Введение
Кохлеарная имплантация (КИ) – уникальная методика восстановления слуховых способностей при тяжелой степени тугоухости или полной глухоте. Тем не менее речевые способности у пользователей кохлеарных имплантов имеют порой значительные индивидуальные различия как у взрослых позднооглохших, так и у детей с врожденной глухотой [1, 2]. Разнообразие этих результатов у детей с врожденной глухотой, которые представляют наиболее значимую группу пациентов, призывают специалистов продолжать более тщательное изучение данной проблемы.
Формирование разговорной речи у детей с врожденной глухотой после КИ, так же как и у детей с нормальным слухом, происходит в результате спонтанного, а чаще целенаправленного обучения на основе накопления слухового и речевого опыта коммуникации с окружающими людьми. Обязательным условием для развития устной речи являются полноценное восстановление утраченной слуховой функции и полноценная слухоречевая реабилитация. Уровень слухоречевого развития детей после КИ зависит как от возраста потери слуха и длительности глухоты, так и от индивидуальных способностей детей и методов, применяемых для их обучения [3, 4]. При этом слуховая депривация приводит не только к задержке речевого развития, но и отражается на когнитивных способностях ребенка [5, 6].
Для полноценного понимания основных проблем, препятствующих успешному развитию речевых способностей у детей после КИ, необходимы дополнительные исследования в области базовых процессов обучения, памяти, познания и мышления. Кроме того, фундаментальные знания об элементарных сенсорных и когнитивных процессах, которые лежат в основе развития речевых и языковых способностей детей после КИ, также играют важную роль в разработке новых, оптимальных методов реабилитации, которые ориентированы на конкретного ребенка, исходя из его индивидуальных особенностей развития [1, 3].

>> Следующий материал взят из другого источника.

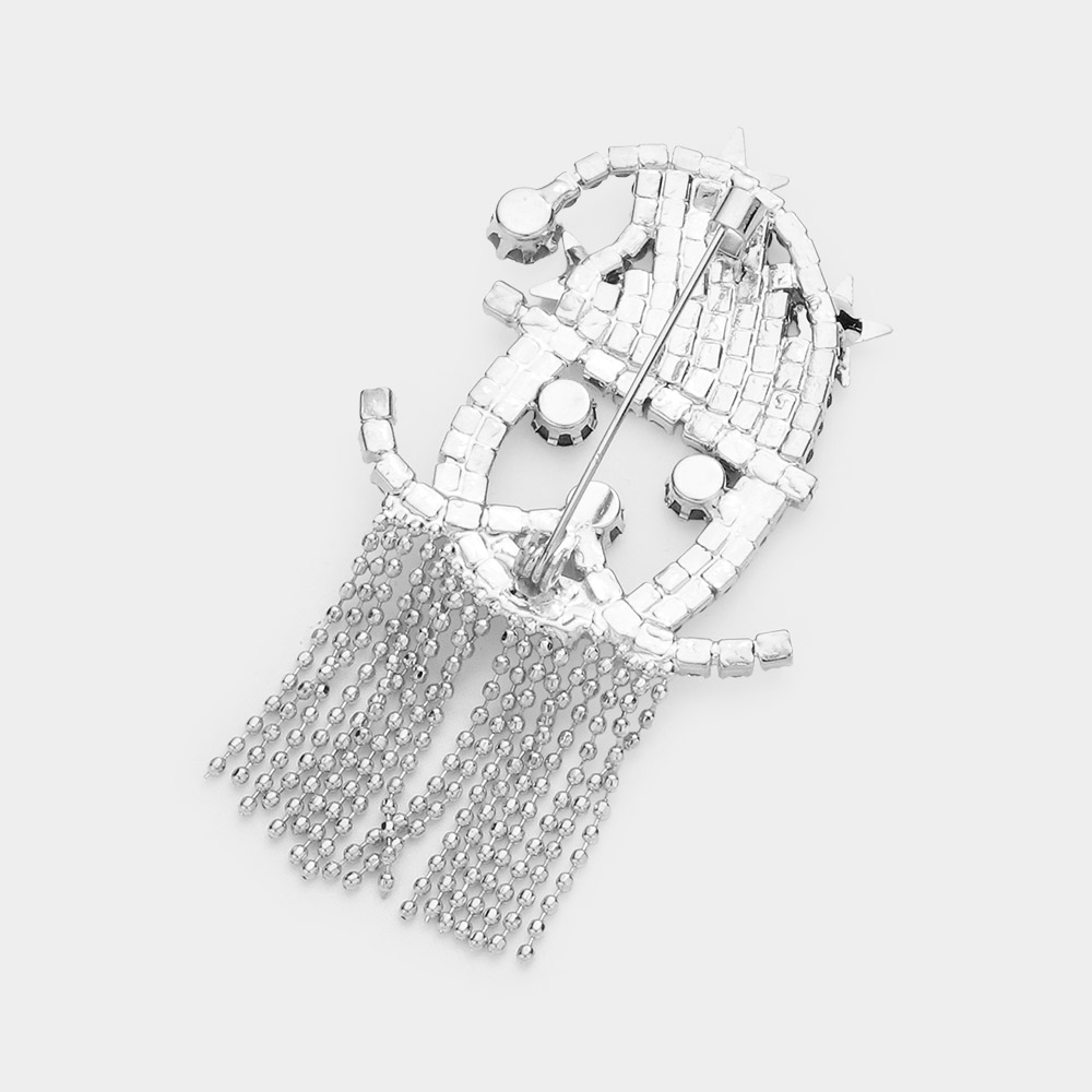 Crystal Santa Claus Fringe Beard Pin Brooch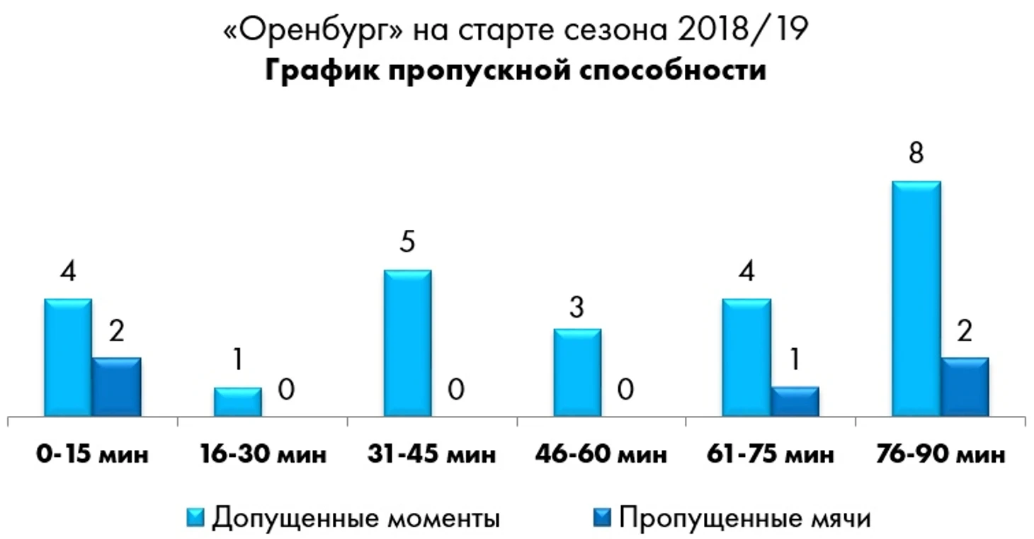 Что касается обороны, головной болью для «Оренбурга» на старте сезона оказались навесные стандарты соперника. После розыгрыша угловых и штрафных «горожане» пропускали от «Спартака», «Анжи» и «Динамо», а в матче с «Крыльями Советов» получили в свои ворота пенальти (который, впрочем, самарцы реализовать не смогли).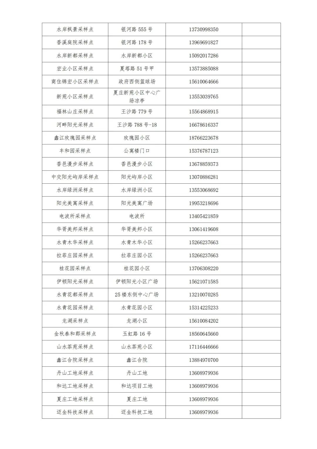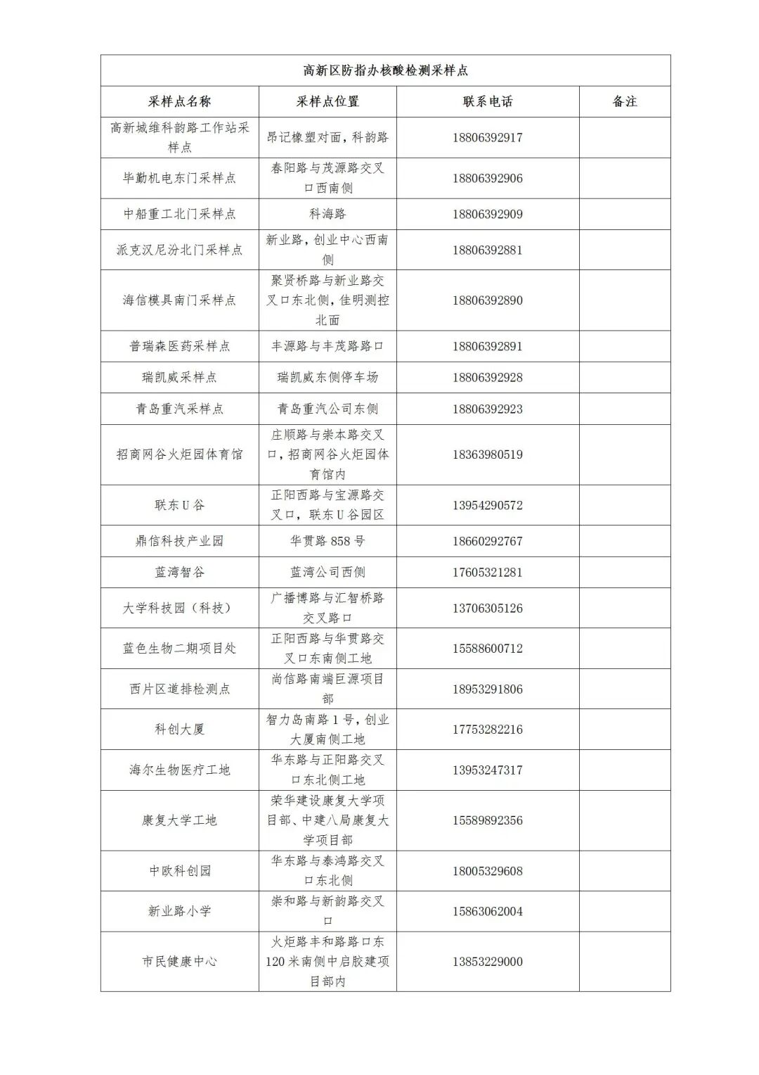 各街道、高新區(qū)防指辦、高新便民服務(wù)中心就近設(shè)置采樣點(采樣點信息附后),請關(guān)注區(qū)及各街道、高新區(qū)防指辦、高新便民服務(wù)中心發(fā)布的信息。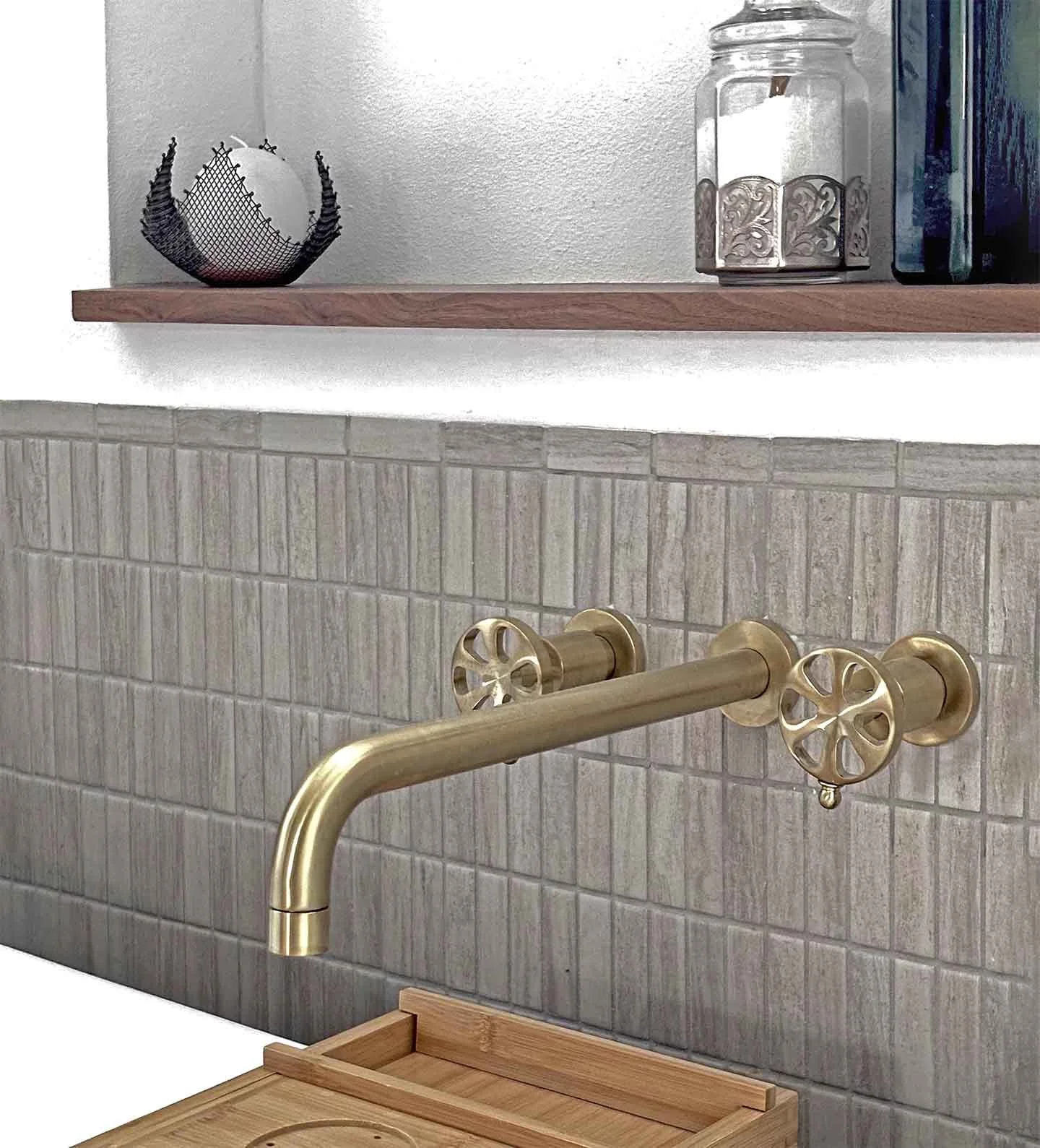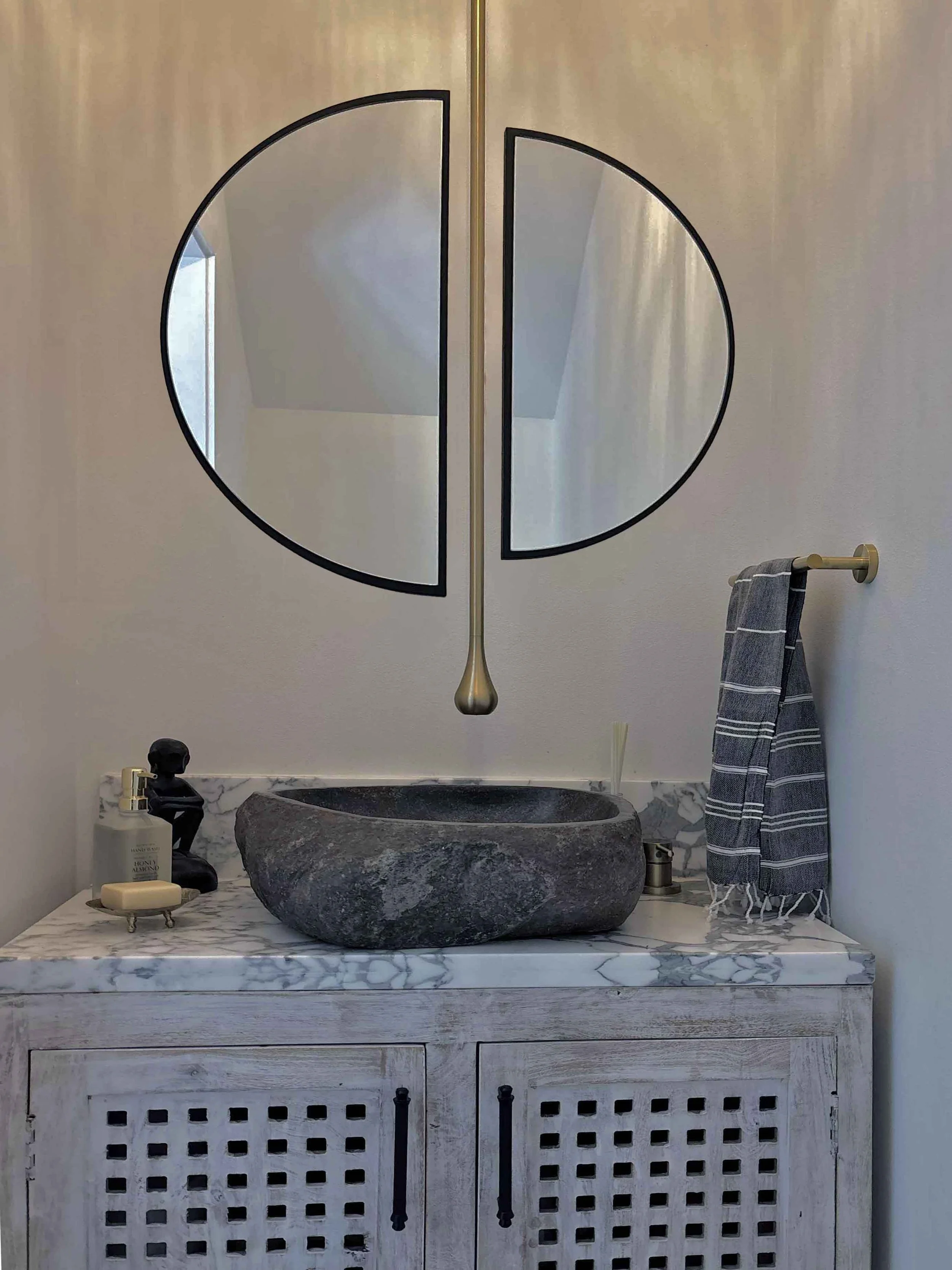 The Powder Room features a custom driftwood vanity with Arabescato marble and a natural river stone sink. Two custom demilune mirrors in different sizes make an unexpected vanity mirror and are interrupted by a faucet originating from the ceiling. Brass accessories complete the picture.

Слуховая депривация и пластичность мозга
Ведущую роль в развитии речи играют центральные отделы слуховой системы; недаром говорят, что человек слушает ухом, а воспринимает мозгом. Слуховая депривация, обусловленная врожденной глухотой, лишает традиционные области слуховой коры мозга физиологического стимула, который необходим для нормального анатомо-физиологического развития этой области коры, и она постепенно утрачивает свои способности обрабатывать речевую информацию. По мнению большинства авторов, чувствительный (сенситивный) период для развития слуховой области коры составляет 3,5 года [7–10]. Совокупность электрофизиологических исследований с регистрацией слуховых корковых вызванных потенциалов (СКВП) позволила проанализировать созревание слуховой области коры у детей с нормальным слухом и в условиях слуховой депривации. У детей с нормальным слухом с возрастом происходит постепенный рост амплитуды и уменьшение латентного периода волны Р1, тогда как у детей с врожденной глухотой амплитуда этой волны существенно ниже, а латентный период больше [8]. В то же время у детей с врожденной глухотой, которые проимплантированы в возрасте до 3,5 года, латентность волны P1 попадает в диапазон нормы через три – шесть месяцев электростимуляции, а у детей, которые проимплантированы после семи лет, латентность P1 не нормализуется даже после нескольких лет стимуляции, что обусловлено реорганизацией слуховой области коры в результате слуховой депривации [9].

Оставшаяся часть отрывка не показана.